GIVEN MATERIAL:

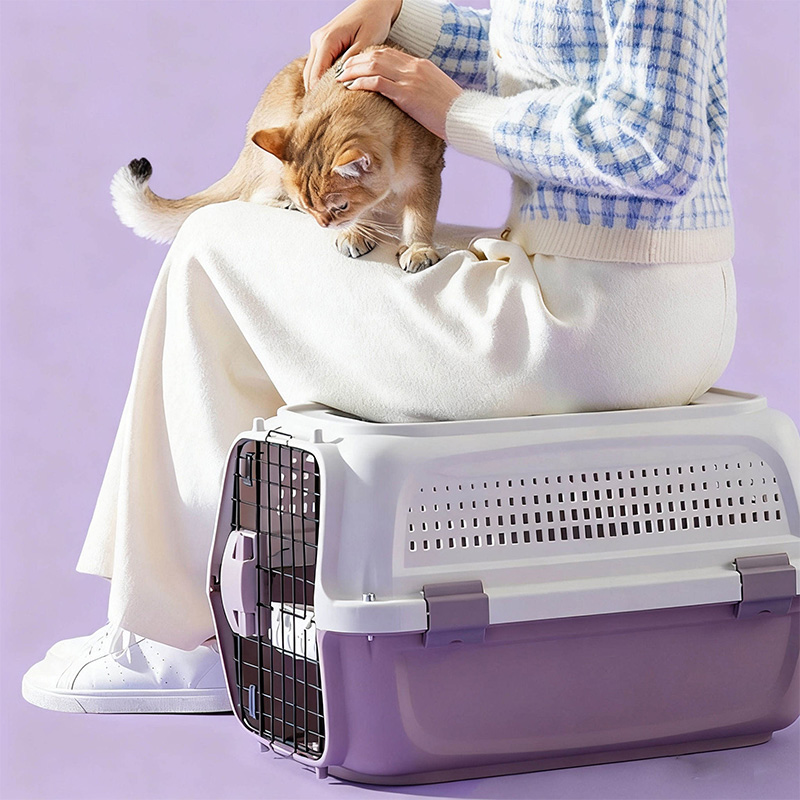 This pet safety carrier is a high-quality airline-approved cage designed specifically for cats and small pets, combining safety, comfort, and convenience. The body is made of premium polypropylene (PP) material, ensuring sturdiness, durability, and lightweight portability for easy carrying and handling.
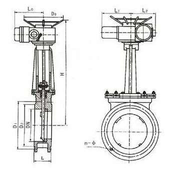 公称压力 | DN | L | D1 | D2 | H | D0 | L0 | L1 | L2 | N-Φ | 电装型号 |
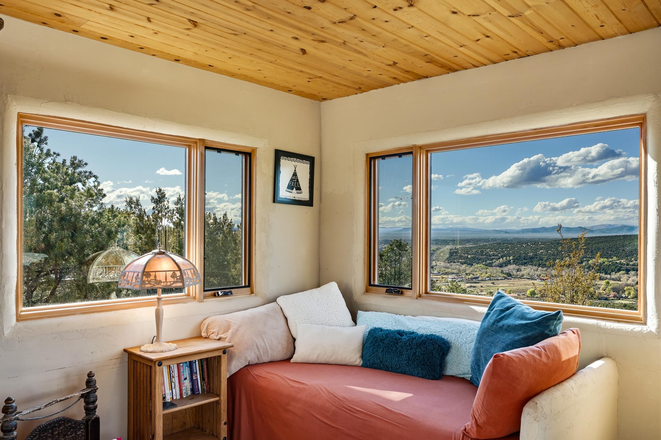Perched on a breathtaking ridgetop in a highly sought-after area off Hondo Seco Road in Arroyo Hondo, this exceptional property captures sweeping, unobstructed views of the Sangre de Cristo Mountains and embodies the ultimate Taos lifestyle. Offering a combined total of 4,391 square feet of living space between the main residence and a detached casita, the property provides both scale and flexibility for refined living, guest accommodations, or creative use. Surrounded by natural beauty and privacy, yet just minutes from Taos Ski Valley, the Historic Taos Plaza, Taos Pueblo, and endless outdoor recreation, this is a rare opportunity in one of Northern New Mexico’s most coveted settings. The main residence features 2 bedrooms and 2 bathrooms, blending authentic Southwestern character with comfortable, flexible living. Rich plaster walls, exposed wood beams, and a striking kiva fireplace create a warm and inviting atmosphere. Multiple living areas provide space to gather, unwind, and entertain, with seamless access to outdoor patios that enhance the indoor-outdoor flow. A standout feature is the dedicated entertainment lounge, designed for both relaxation and hosting. This inviting space features a custom bar, a lounge area, a fireplace, and space for recreation—ideal for game nights, movie nights, or casual entertaining. Adjacent to the game room is an additional flex space, perfectly suited for a home office, creative studio, fitness area, or overflow guest accommodations, along with a nearby guest bathroom for added convenience. The expansive second-story retreat is flooded with natural light and framed by panoramic mountain views. Currently used as a creative studio and lounge, this inspiring space offers incredible versatility—ideal for an art studio, yoga space, or additional guest quarters. The detached casita is equally compelling—full of charm, privacy, and its own unforgettable views. With a strong short-term rental history, it presents an excellent income-producing opportunity or a perfect guest retreat. Outdoor living is where this property truly shines. Expansive brick patios wrap around the home, offering multiple seating and entertaining areas designed to capture sunrise, sunset, and everything in between. Enjoy evenings under the stars in the private hot tub, gather around the outdoor kiva fireplace, or dine al fresco while taking in the sweeping high-desert landscape.
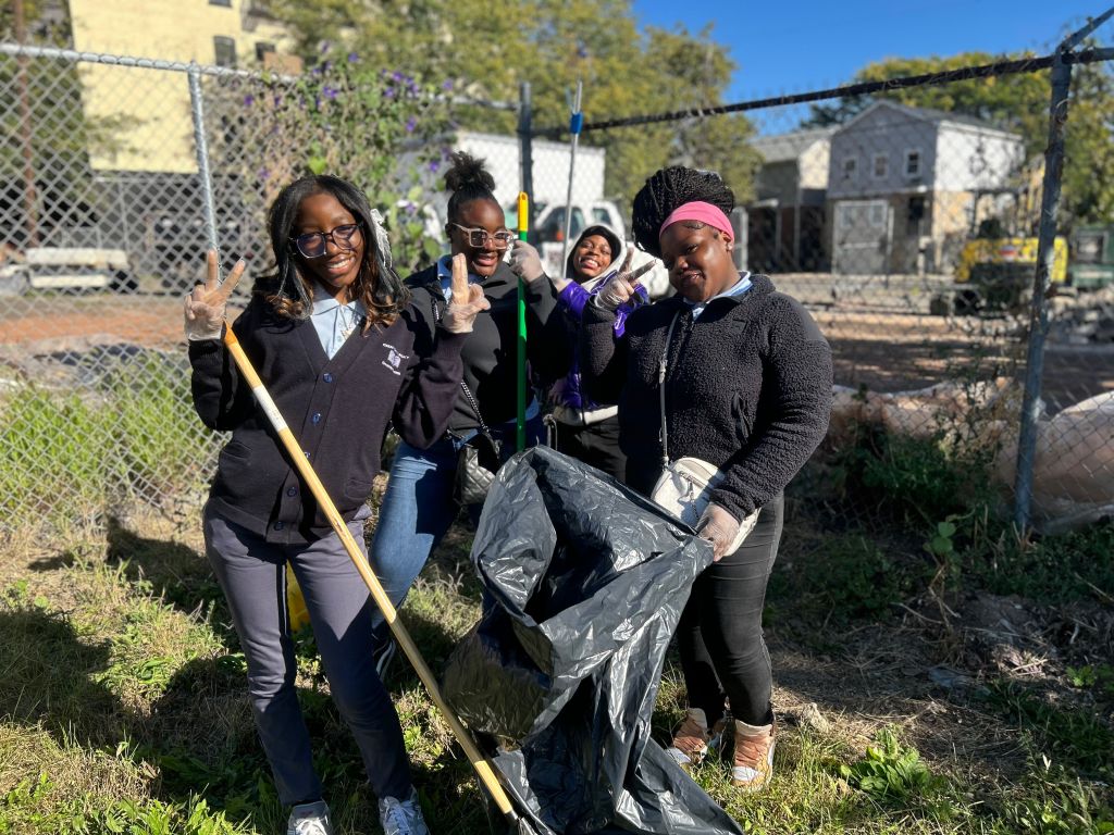 NEWARK, N.J. – Oct. 10, 2024: On October 10, twelve female students from Great Oaks Legacy Charter School (GOLCS) teamed up with Lincoln Park Coast Cultural District (LPCCD) to clean up Newark’s South Ward as part of the city’s ‘Slam Dunk the Junk’ initiative. The students helped clean up a vacant lot on Astor Street and the surrounding area by picking up trash, raking leaves, and revitalizing the space to enhance their neighborhood.

TASK GOAL: Only these lines belong in the answer: the first line of the listing above through the line holding "公称压力 | DN |", printed exactly and without pictures.

EXERCISE RESPONSE:
 This pet safety carrier is a high-quality airline-approved cage designed specifically for cats and small pets, combining safety, comfort, and convenience. The body is made of premium polypropylene (PP) material, ensuring sturdiness, durability, and lightweight portability for easy carrying and handling.
 公称压力 | DN | L | D1 | D2 | H | D0 | L0 | L1 | L2 | N-Φ | 电装型号 |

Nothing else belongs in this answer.